The office is dimly lit and despite Lena’s usual neatness, seems to be cluttered with files and folders laid out across her desk and in scattered piles on the floor. Gwen has sat in this chair many times before. The green thick fabric of its covering doesn’t stop feeling uncomfortable beneath her. She can’t help but feel that this entire office is meant to make a worker uncomfortable, to intimidate them and let them know they’re below Lena in every conceivable way. Lena is searching in her desk drawers, rummaging around and moving what sound like paper files, bound in plastic folders and each stacked on top of the last.

She peers up. “So, Gwen. There’s a statement I was thinking you should take a look at.” Lena says, handing her the code for the recording from across the desk.

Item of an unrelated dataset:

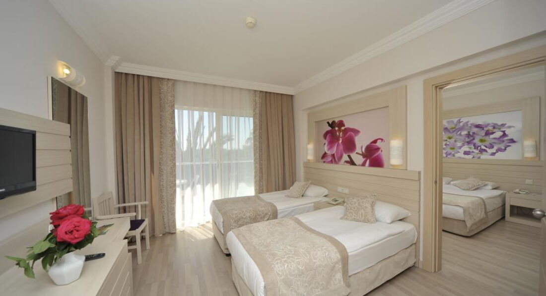 Отдыхали в отеле с 30.08 по 11.09 с ребенком 2,5 г и старшей 17 л.,в Турции не первый раз так что сравнить есть с чем. Когда выбирала отель то прочитала много отзывов как и положительных так и отрицательных. Отель оправдывает свои 4 звезды во всем. Единственнвая не точность так это растояние до моря метров 600 идти но нас это не напрягала, пляж песчаный и вход в море тоже песочек но на глубине имеются камни и достаточно большие. Да отель в основном заселен русскими-немцами, что очень даже приятно, анимация неплохая но в основном на немецком. Да вообщем то все было понятно без перевода, по самому действию. Огромный привет двум аниматорам Таня и Катя которые развлекали наших ребятишек, вечернее мини диско для малышей было просто праздником. По питанию могу сказать что очень даже прилично, разнообразное. Моей привереде в еде тоже всегда можно было что то выбрать. Ездили через Пегас, скажем так не ввосторге. Прилетели рано в 5.00 в отель приехали в 7.00 40$ и мы в 10.00 в номере дали нам сьют (2 ком), заказывали фэмили. Очень порадовал номер выходил на внутреннию территорию. Кондиционер у них центральный это минус, работал с 16.00 да так что по ночам урывались теплыми одеялами. Резюме хороший отель особенно для семейных с детьми. А отрицательное везде можно найти главное с чем ты приехал, мы ехали отдыхать и получать удовольствие от моря и солнца, а не искать минусы. Отдых удался все довольны.

It’s a rather large sheet of paper for such a short code, but she takes it anyway. When she’s given statements, she has to analyse them in detail. The last one wasn’t very useful, so perhaps this one will have more insight to the work she does. Maybe she’ll get answers.

“Oh, you’ll get answers, alright.” Lena says, as if she knew what Gwen was thinking. No. It’s only a coincidence. It must be. “There’s no deadline for that one, Gwen. Just listen. Preferably soon. It’s- ah, only for you to see. You don’t have to log it.”

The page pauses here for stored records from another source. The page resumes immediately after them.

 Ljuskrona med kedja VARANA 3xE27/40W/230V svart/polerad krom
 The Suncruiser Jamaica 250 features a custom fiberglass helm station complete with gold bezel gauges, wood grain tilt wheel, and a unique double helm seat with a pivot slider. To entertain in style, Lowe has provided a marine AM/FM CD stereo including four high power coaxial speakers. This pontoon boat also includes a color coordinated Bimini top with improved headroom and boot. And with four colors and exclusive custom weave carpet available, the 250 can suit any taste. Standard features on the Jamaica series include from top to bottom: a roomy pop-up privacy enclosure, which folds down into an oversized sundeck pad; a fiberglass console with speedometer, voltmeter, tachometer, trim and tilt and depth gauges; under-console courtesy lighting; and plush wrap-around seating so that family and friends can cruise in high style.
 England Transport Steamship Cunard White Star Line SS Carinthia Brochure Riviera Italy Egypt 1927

Gwen turns the sheet of paper in her hands. It’s peculiar. Usually she logs every statement she reads as a way to keep track of her progress and upload her findings on their analyses. “I… don’t have to log it?” She asks. She always has to log it. She logs everything. What is so special about this statement that-

Lena shifts in her seat, but it does not seem nervous. It seems almost like she is excited. Full of anticipation. “No. Just think of it as,” Lena pauses slightly to decide on her word choice, “background information for your work here.”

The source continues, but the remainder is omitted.